Environmental preparation

Things necessary

python
pip
chromedriver
selenium

Since I am using a Mac and Python is included as standard, I will omit the installation of Python.

install pip

$ curl -kL https://bootstrap.pypa.io/get-pip.py | python

Execution result

$ curl -kL https://bootstrap.pypa.io/get-pip.py | python
  % Total    % Received % Xferd  Average Speed   Time    Time     Time  Current
                                 Dload  Upload   Total   Spent    Left  Speed
100 1841k  100 1841k    0     0  4630k      0 --:--:-- --:--:-- --:--:-- 4649k
DEPRECATION: Python 2.7 reached the end of its life on January 1st, 2020. Please upgrade your Python as Python 2.7 is no longer maintained. pip 21.0 will drop support for Python 2.7 in January 2021. More details about Python 2 support in pip can be found at https://pip.pypa.io/en/latest/development/release-process/#python-2-support pip 21.0 will remove support for this functionality.
Defaulting to user installation because normal site-packages is not writeable
Collecting pip
  Downloading pip-20.2.3-py2.py3-none-any.whl (1.5 MB)
     |████████████████████████████████| 1.5 MB 4.0 MB/s 
Collecting wheel
  Downloading wheel-0.35.1-py2.py3-none-any.whl (33 kB)
Installing collected packages: pip, wheel
  WARNING: The scripts pip, pip2 and pip2.7 are installed in '/Users/xxx/Library/Python/2.7/bin' which is not on PATH.
  Consider adding this directory to PATH or, if you prefer to suppress this warning, use --no-warn-script-location.
  WARNING: The script wheel is installed in '/Users/xxx/Library/Python/2.7/bin' which is not on PATH.
  Consider adding this directory to PATH or, if you prefer to suppress this warning, use --no-warn-script-location.
Successfully installed pip-20.2.3 wheel-0.35.1

There is a message to pass the path, so pass the path

$ export PATH="$HOME/Library/Python/2.7/bin:$PATH"
$ echo 'export PATH="$HOME/Library/Python/2.7/bin:$PATH"' >> ~/.bash_profile

Check if the pass is passed

$ echo $PATH
/Users/xxx/Library/Python/2.7/bin:/usr/local/bin:/usr/bin:/bin:/usr/sbin:/sbin

$ cat ~/.bash_profile
export PATH="$HOME/Library/Python/2.7/bin:$PATH"

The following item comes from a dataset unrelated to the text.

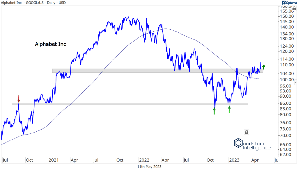 The sector’s largest component, Alphabet, took some time to absorb overhead supply as well. Last fall, GOOGL found support at the September 2020 highs (which we’ve covered extensively in these letters as a significant turning point for Growth vs. Value). That was the ceiling since last fall’s breakdown and we pointed to that resistance as a big reason to take a wait and see approach on the sector. We waited. Now we’re seeing. GOOGL broke out yesterday. We like it long above $110 with a target back at the former highs near $150.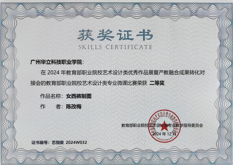 2024年12月13日-15日,由教育部職業(yè)院校藝術設計類專業(yè)教學指導委員會主辦的“職業(yè)院校藝術設計類優(yōu)秀作品展暨 2024年產(chǎn)教融合成果轉(zhuǎn)化對接會”在廣州琶洲靈感創(chuàng)新展館盛大舉行。在本次對接會的教育部職業(yè)院校藝術設計類專業(yè)微課比賽中,廣州華立科技職業(yè)學院藝術與傳媒學院陳改梅老師憑借作品《女西褲制圖》脫穎而出,榮獲國賽二等獎。

Now that you can use the pip command, check

$ pip -V
pip 20.2.3 from /Users/xxx/Library/Python/2.7/lib/python/site-packages/pip (python 2.7)

Install Chrome driver

First, check the version of Chrome you are currently using on your computer. Version: 85.0.4181.101

So, use the following command

pip install chromedriver-binary==85.*

Execution result

$ pip install chromedriver-binary==85.*
DEPRECATION: Python 2.7 reached the end of its life on January 1st, 2020. Please upgrade your Python as Python 2.7 is no longer maintained. pip 21.0 will drop support for Python 2.7 in January 2021. More details about Python 2 support in pip can be found at https://pip.pypa.io/en/latest/development/release-process/#python-2-support pip 21.0 will remove support for this functionality.
Defaulting to user installation because normal site-packages is not writeable
Collecting chromedriver-binary==85.*
  Downloading chromedriver-binary-85.0.4183.87.0.tar.gz (3.6 kB)
Building wheels for collected packages: chromedriver-binary
  Building wheel for chromedriver-binary (setup.py) ... done
  Created wheel for chromedriver-binary: filename=chromedriver_binary-85.0.4183.87.0-py2-none-any.whl size=7722067 sha256=901454e21156aef8f8bf4b0e302098747ea378a435c801330ea46d03ed
  Stored in directory: /Users/xxx/Library/Caches/pip/wheels/12/27/b7/69d38bfd65642b45a64e7e97e3160aba20f20be91cd5a
Successfully built chromedriver-binary
Installing collected packages: chromedriver-binary
Successfully installed chromedriver-binary-85.0.4183.87.0
$ 

Install Selenium

Command used

pip install selenium

Execution result

$ pip install selenium
DEPRECATION: Python 2.7 reached the end of its life on January 1st, 2020. Please upgrade your Python as Python 2.7 is no longer maintained. pip 21.0 will drop support for Python 2.7 in January 2021. More details about Python 2 support in pip can be found at https://pip.pypa.io/en/latest/development/release-process/#python-2-support pip 21.0 will remove support for this functionality.
Defaulting to user installation because normal site-packages is not writeable
Collecting selenium
  Downloading selenium-3.141.0-py2.py3-none-any.whl (904 kB)
     |████████████████████████████████| 904 kB 5.2 MB/s 
Collecting urllib3
  Downloading urllib3-1.25.10-py2.py3-none-any.whl (127 kB)
     |████████████████████████████████| 127 kB 10.7 MB/s 
Installing collected packages: urllib3, selenium
Successfully installed selenium-3.141.0 urllib3-1.25.10
$ 

Now you are ready to go.

Try running with Python

Create a python file

test.py


import chromedriver_binary 
from selenium import webdriver

options = webdriver.ChromeOptions()
# options.add_argument('--incognito')
# options.add_argument('--headless')

print('connect...try...connect...try...')
driver = webdriver.Chrome(options=options)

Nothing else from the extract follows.